Unnamed: 0,scaled_amount,scaled_time,V1,V2,V3,V4,V5,V6,V7,V8,...,V20,V21,V22,V23,V24,V25,V26,V27,V28,Class
0,-0.282401,-0.62872,1.237076,0.240536,0.644799,0.700348,-0.662809,-1.186289,0.051565,-0.212036,...,-0.120263,-0.238889,-0.705162,0.179966,0.699409,0.165166,0.075183,-0.030301,0.021784,0
1,1.186334,-0.083001,-7.13906,2.773082,-6.757845,4.446456,-5.464428,-1.713401,-6.485365,3.409395,...,-0.616949,1.30325,-0.016118,-0.87667,0.38223,-1.054624,-0.614606,-0.766848,0.409424,1
2,0.391253,0.870217,-1.01847,-0.800243,2.73563,-1.710196,-0.756206,-0.299152,-0.86865,0.263516,...,0.360591,0.499789,1.190104,-0.230243,0.016621,0.394464,0.046844,0.052241,0.082638,0
3,2.29344,0.289078,-1.000611,3.34685,-5.534491,6.835802,-0.299803,0.095951,-2.440419,1.286301,...,1.189814,0.439757,-0.694099,0.29966,-0.657601,0.101648,0.430457,0.824685,0.326952,1
4,-0.135401,0.969807,0.211042,1.352425,-2.257035,0.154344,0.530051,0.207244,-2.051166,-5.231705,...,1.100233,-2.511672,0.943468,-0.019769,0.586162,0.618007,0.621341,-0.098063,0.13397,0


The data is already preprocessed and it looks like there is no room for further feature engineering.<br>
<br>
That way, the only thing left to do is to push all the columns to our feature store.

# Hopsworks 

## Upload

In [2]:
from dotenv import load_dotenv
import os

In [3]:
load_dotenv()

True

In [4]:
import hopsworks
from great_expectations.core import ExpectationSuite

In [5]:
from keyword import iskeyword

In [7]:
iskeyword('class_')

False

In [8]:
def to_feature_store(
    df: pd.DataFrame,
    group_name: str,
    description: str,
    group_description: dict,
    feature_group_version: Union[int, None] = None,
    validation_expectation_suite: ExpectationSuite = None
):
    '''
    This function takes in a pandas DataFrame and a validation expectation suite,
      performs validation on the data using the suite, and then saves the data to a
      feature store in the feature store.

    Args:
        - data (pd.DataFrame): Dataframe with the data to be stored
        - group_name (str): Name of the feature group.
        - feature_group_version (int | None): Version of the feature group. If None, increment 1 from last version
        - description (str): Description for the feature group.
        - group_description (dict): Description of each feature of the feature group.
        - validation_expectation_suite (ExpectationSuite): group of expectations to check data.

    Returns:
        - A dictionary with the feature view version, feature view name and training dataset feature version.
    '''
    ##### DELETE THIS BIT AFTER GX IS IMPLEMENTED #####
    if validation_expectation_suite:
        raise NotImplementedError
    ###################################################

    if not isinstance(df, pd.DataFrame) and not isinstance(df, pd.Series):
        raise TypeError(f'Expect pd.DataFrame, got {type(df)}')
    if isinstance(df, pd.Series):
        new_df = pd.DataFrame({'index': df.index, df.name: df})
        df = new_df

    # Create primary key to posteriorly joins
    if 'index' not in df.columns:
        df = df.reset_index()

    # Hopsworks only accepts lowercase column names, better to sanitize beforehand. Also, try to protect from Python's reserved words
    df.columns = list(map(lambda x: x.lower() if not iskeyword(x.lower()) else x.lower() + '_', df.columns))

    # Get credentials
    project_name = os.environ.get('FS_PROJECT_NAME')
    api_key = os.environ.get('FS_API_KEY')

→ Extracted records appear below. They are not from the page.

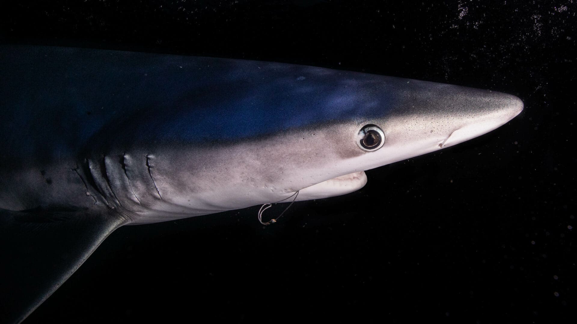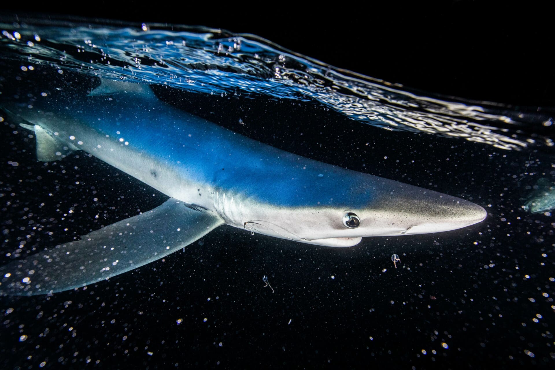Once the sun set, a large 8 foot mako shark showed up alongside the boat, and we started to really get into the filming. Lauren took her turn first, laying with her underwater camera hanging off the side of the boat in the water and filming the shark as it swam by. After about half an hour of filming and a few close calls with the shark, Lauren was finished and I got to take my turn. Luckily, the big mako had already left and an 8 foot blue shark had taken its place. Blue sharks aren’t quite as fast as makos and are a lot less powerful, so I was happy to get my first chance at shark photography with the more manageable species. To photograph the shark, I copied Lauren, lying with my arms hanging down into the water, and holding an underwater camera fully submerged beneath the sea surface. The blue shark was sleek and beautiful, illuminated by flood lights pointing into the water off the side of the boat. As it came near, boat captain and shark wrangler Mitch threw a large piece of fish on a long line into the water. The shark spotted it and quickly chased it as Mitch drew it in, right towards my waiting camera. When the bait was a few feet in front of me, Mitch pulled the bait out of the water and the shark turned right in front of the camera as I panned to make sure the shark couldn’t get between the housing and the boat. I got soaked by the waves for the next 45 minutes and struggled to hold my heavy camera as the sharks darted towards me. After I was finished, my heart was racing for the next couple hours, the adrenaline rush of filming the massive sharks not wearing off until 3am.
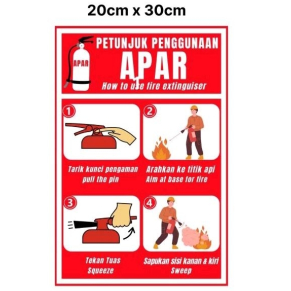 Stiker penggunaan apar UKURAN BESAR Sticker sign penggunaan apar untuk gedung stiker pedoman penggunaan tabung apar lithium apar Co2 apar powder apar kitchen room
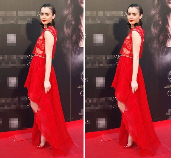 | Chiếc váy đuôi tôm màu đỏ, giày đỏ cùng son môi đỏ làm Lily Collins hút hồn mọi ánh nhìn. |
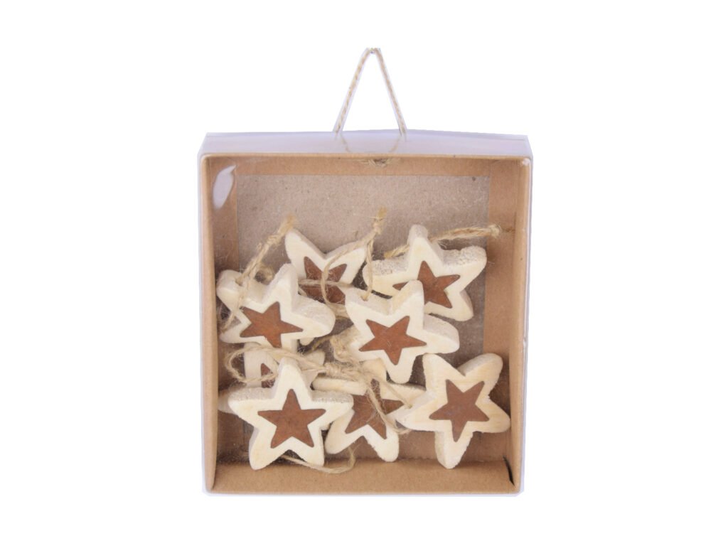 Závěs hvězda SWEETS, dřevo, hnědá, 4x4x1cm, box 8ks|Ego dekor
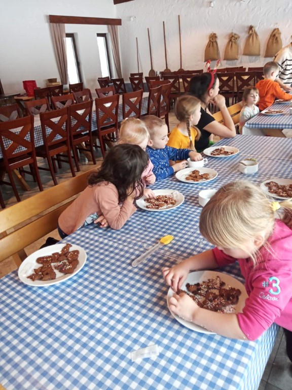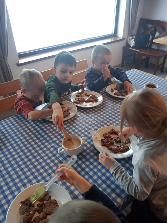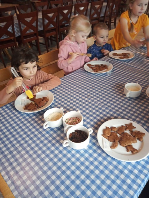 W czasie zajęć kulinarnych dzieci mogły same przygotować pierniczki, które po upieczeniu udekorowały słodkim lukrem i kolorową posypką. Gotowe wypieki będą doskonale smakować w czasie Świąt, mogą być również słodkim podarunkiem dla bliskiej osoby.
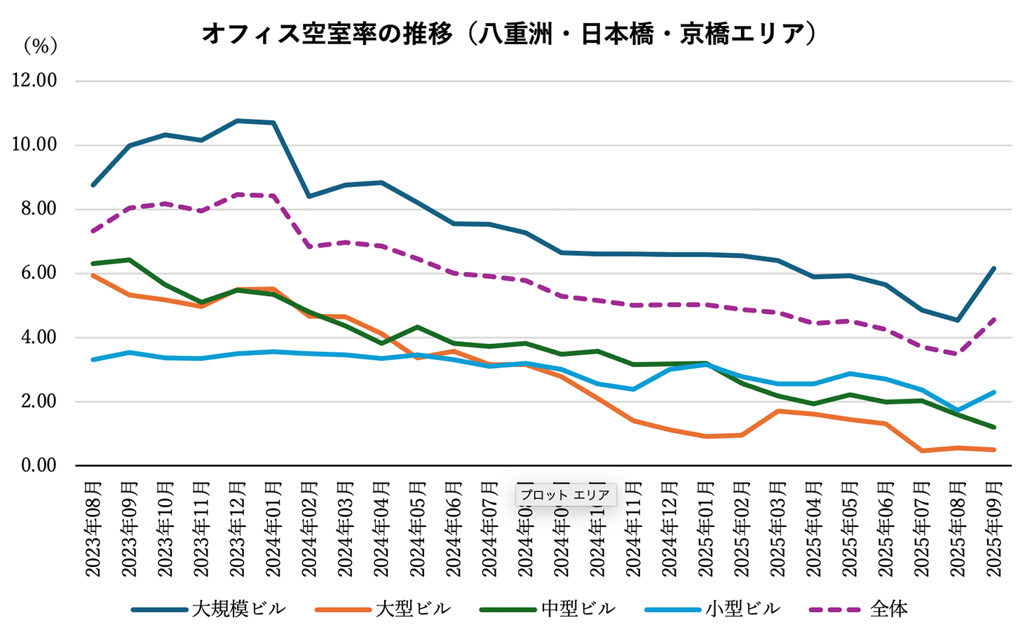 空室率でいえば、最も空室率が低いのは床面積が100~200坪の大型ビルであるのに対して、大規模ビルは供給量も多いこともあり空室率は高めになりやすい。コロナ禍の影響がまだあった2023年末には10%を超えていたこともある。しかし、都心の他のエリアと同じように、2024年に入ると状況は大幅に好転して、2025年9月には6.15%にまで下がった。大型ビルでは0.51%まで下がり、空きはないところまできた。中型ビルと小型ビルも1.20と2.30で、2%前後で推移しており需給がひっ迫する状況になっている。
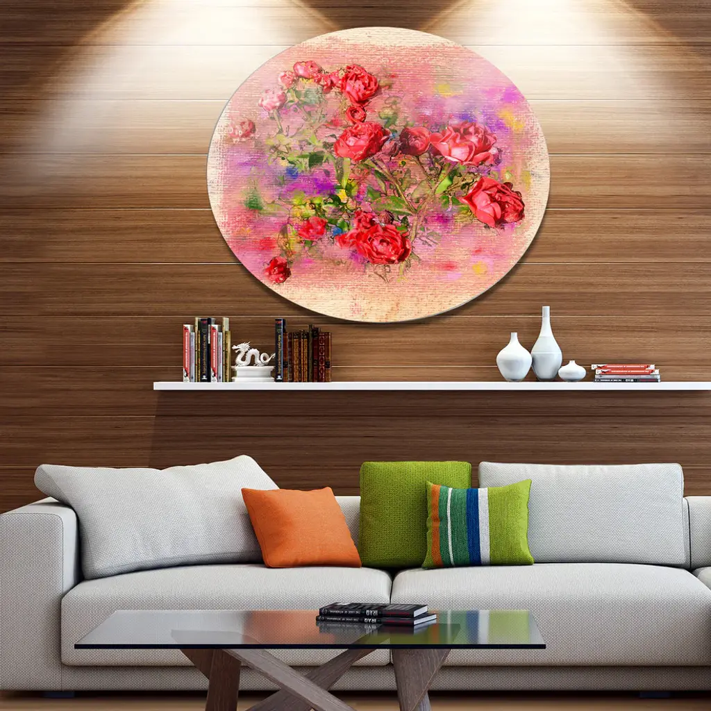 Bring Contemporary Abstraction to your home with this large Circle Metal wall art. This Roses Pastel Chalk Illustration Metal Artwork makes it the focal point of any room or office. - White Gloss Coating ensures colors are extra vibrant with light reflection.- Aluminum grade Sheet Metal with 1 inch mounting frame on the back giving the illusion that the artwork is floating on the wall..- Mounting Brackets are included along with instructions.- High Quality Digital images are created directly into a glossy aluminum panel producing a stunning and captivating print into the glossy finish of the metal.- Water, Fire and Scratch resistant HD Aluminum panels.- Looks better than any photo paper and guaranteed to last at least 20 years- Easy to clean with a microfiber cloth. Colors are far superior to regular Canvas Art. - Easy to Hang
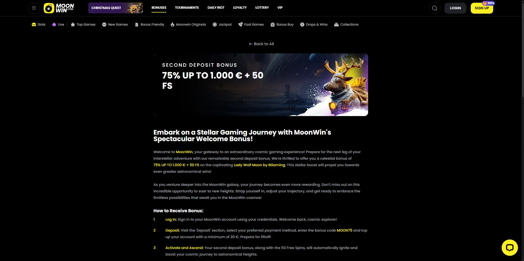 For your second deposit, add at least €20 and use promo code MOON75. You’ll receive a 75% bonus up to €1,500, along with 50 Free Spins for Lady Wolf Moon. The wagering terms remain 40x within 5 days.

    # Connect to feature store.
    project = hopsworks.login(
        api_key_value=api_key, project=project_name
    )
    feature_store = project.get_feature_store()

    # Create feature group.
    object_feature_group = feature_store.get_or_create_feature_group(
        name=group_name,
        version=feature_group_version,
        primary_key=['index'],
        description= description,
        online_enabled=False,
        expectation_suite=validation_expectation_suite
    )

    # Upload data.
    object_feature_group.insert(
        features=df,
        overwrite=False,
        write_options={
            "wait_for_job": True,
        },
    )

    # Add feature descriptions.
    for description in group_description:
        object_feature_group.update_feature_description(
            description["name"], description["description"]
        )

    # Update statistics.
    object_feature_group.statistics_config = {
        "enabled": True,
        "histograms": True,
        "correlations": True,
    }
    object_feature_group.update_statistics_config()
    object_feature_group.compute_statistics()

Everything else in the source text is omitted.